Reindexes collection coll with indices idxs and optional LRU cache of size cache

This is useful when constructing batches or organizing data in a particular manner (i.e. for deep learning). This class is primarly used in organizing data for language models in fastai.

You can supply a custom index upon instantiation with the idxs argument, or you can call the reindex method to supply a new index for your collection.

Here is how you can reindex a list such that the elements are reversed:

rc=ReindexCollection(['a', 'b', 'c', 'd', 'e'], idxs=[4,3,2,1,0])
list(rc)

['e', 'd', 'c', 'b', 'a']

Alternatively, you can use the reindex method:

source

ReindexCollection.reindex

 ReindexCollection.reindex (idxs)

Replace self.idxs with idxs

rc=ReindexCollection(['a', 'b', 'c', 'd', 'e'])
rc.reindex([4,3,2,1,0])
list(rc)

['e', 'd', 'c', 'b', 'a']

You can optionally specify a LRU cache, which uses functools.lru_cache upon instantiation:

sz = 50
t = ReindexCollection(L.range(sz), cache=2)
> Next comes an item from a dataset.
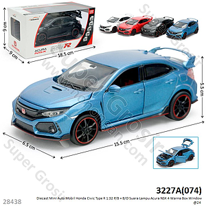 Diecast Mobil Honda Civic Type R 1:32 Mini Auto P/B + B/O Suara Lampu Acura NSX 4 Warna Box Window @24

#trigger a cache hit by indexing into the same element multiple times
t[0], t[0]
t._get.cache_info()

CacheInfo(hits=1, misses=1, maxsize=2, currsize=1)

You can optionally clear the LRU cache by calling the cache_clear method:

source

ReindexCollection.cache_clear

 ReindexCollection.cache_clear ()

Clear LRU cache

sz = 50
t = ReindexCollection(L.range(sz), cache=2)

#trigger a cache hit by indexing into the same element multiple times
t[0], t[0]
t.cache_clear()
t._get.cache_info()

CacheInfo(hits=0, misses=0, maxsize=2, currsize=0)

source

ReindexCollection.shuffle

 ReindexCollection.shuffle ()

Randomly shuffle indices

Note that an ordered index is automatically constructed for the data structure even if one is not supplied.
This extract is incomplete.